- [PROBLEM] With the material below, print exactly the lines between the line holding "佛手瓜1個、蘋果1個、胡蘿蔔" and the line holding "Retro Plus Size", inclusive. Add nothing else.

Segment Start: DATA SUPPLIED

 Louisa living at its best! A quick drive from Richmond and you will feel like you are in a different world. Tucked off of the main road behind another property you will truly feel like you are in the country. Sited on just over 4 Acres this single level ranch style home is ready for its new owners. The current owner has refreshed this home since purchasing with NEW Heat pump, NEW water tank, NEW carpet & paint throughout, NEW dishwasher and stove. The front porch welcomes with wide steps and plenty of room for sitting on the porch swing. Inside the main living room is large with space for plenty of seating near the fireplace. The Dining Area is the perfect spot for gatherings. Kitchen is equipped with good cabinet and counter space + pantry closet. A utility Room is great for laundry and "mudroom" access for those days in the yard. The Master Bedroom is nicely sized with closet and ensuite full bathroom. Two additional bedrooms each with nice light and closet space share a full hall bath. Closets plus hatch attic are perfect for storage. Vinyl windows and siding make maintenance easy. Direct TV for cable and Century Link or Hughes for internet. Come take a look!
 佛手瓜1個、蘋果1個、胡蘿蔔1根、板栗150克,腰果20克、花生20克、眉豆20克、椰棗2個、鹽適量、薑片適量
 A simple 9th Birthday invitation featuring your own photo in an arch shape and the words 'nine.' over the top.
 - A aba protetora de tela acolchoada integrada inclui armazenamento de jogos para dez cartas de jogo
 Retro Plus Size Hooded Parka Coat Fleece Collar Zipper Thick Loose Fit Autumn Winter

Segment End: DATA SUPPLIED
Segment Start: DATA SUPPLIED

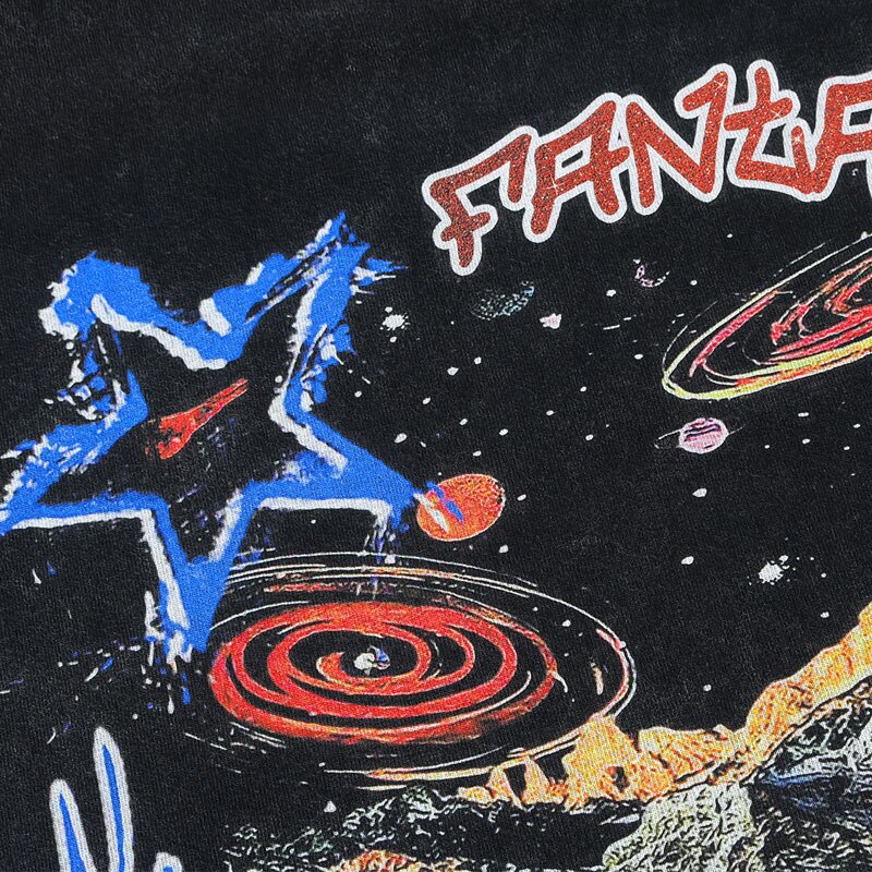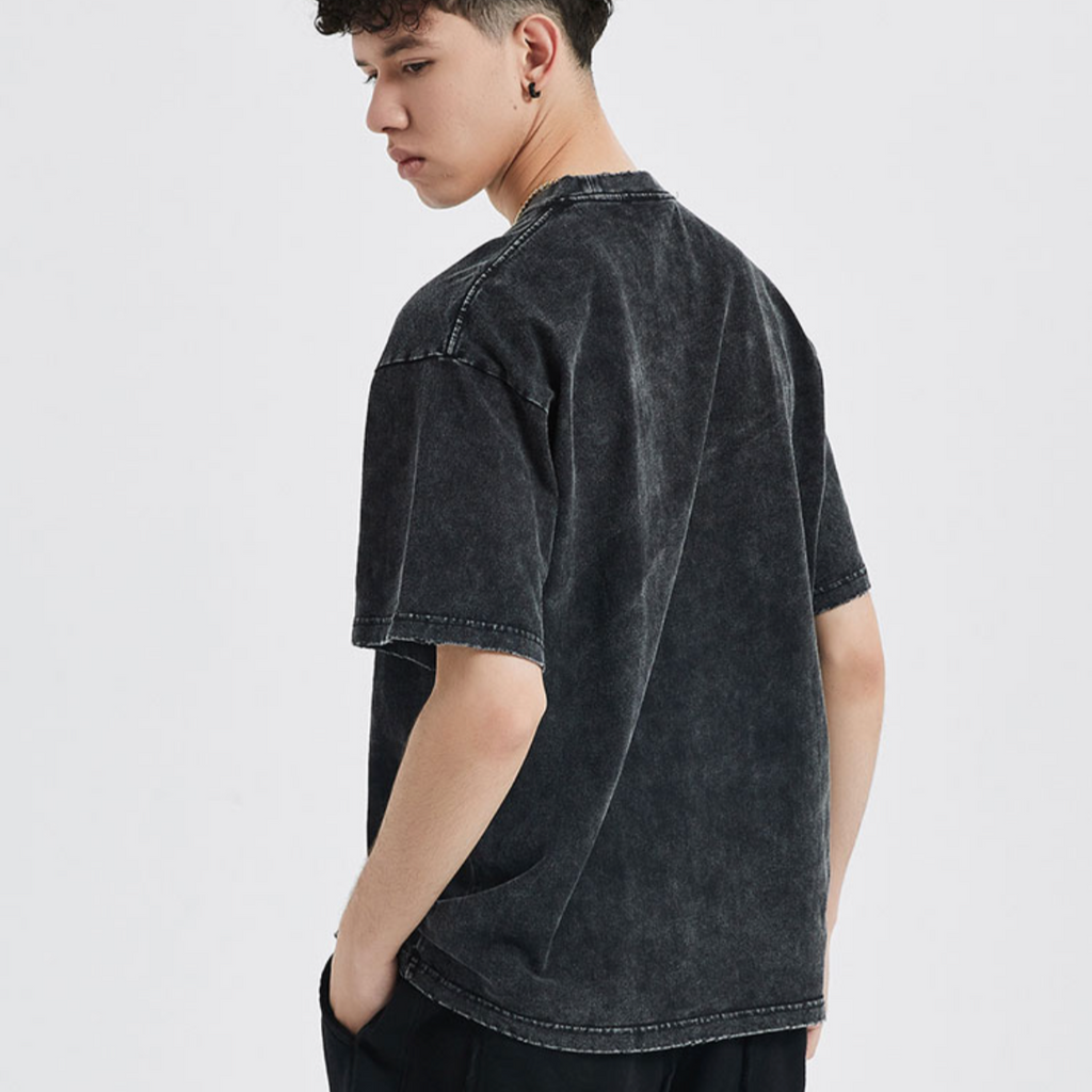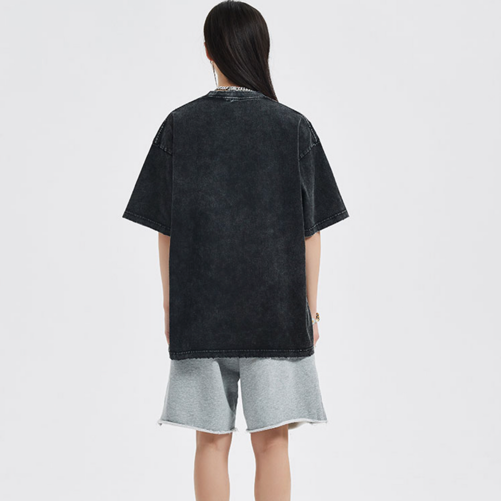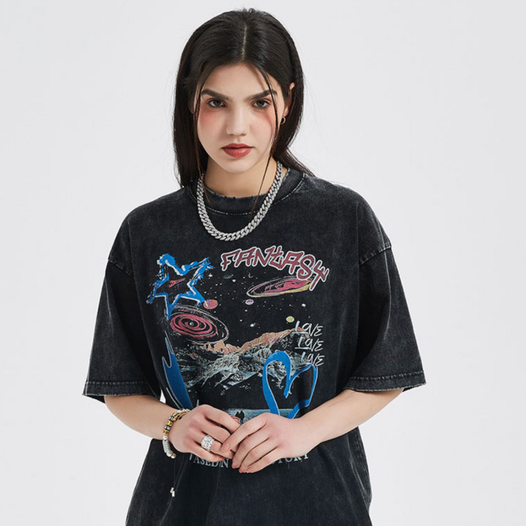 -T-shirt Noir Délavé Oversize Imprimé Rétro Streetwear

Segment End: DATA SUPPLIED

- [EXERCISE OUTPUT]
 佛手瓜1個、蘋果1個、胡蘿蔔1根、板栗150克,腰果20克、花生20克、眉豆20克、椰棗2個、鹽適量、薑片適量
 A simple 9th Birthday invitation featuring your own photo in an arch shape and the words 'nine.' over the top.
 - A aba protetora de tela acolchoada integrada inclui armazenamento de jogos para dez cartas de jogo
 Retro Plus Size Hooded Parka Coat Fleece Collar Zipper Thick Loose Fit Autumn Winter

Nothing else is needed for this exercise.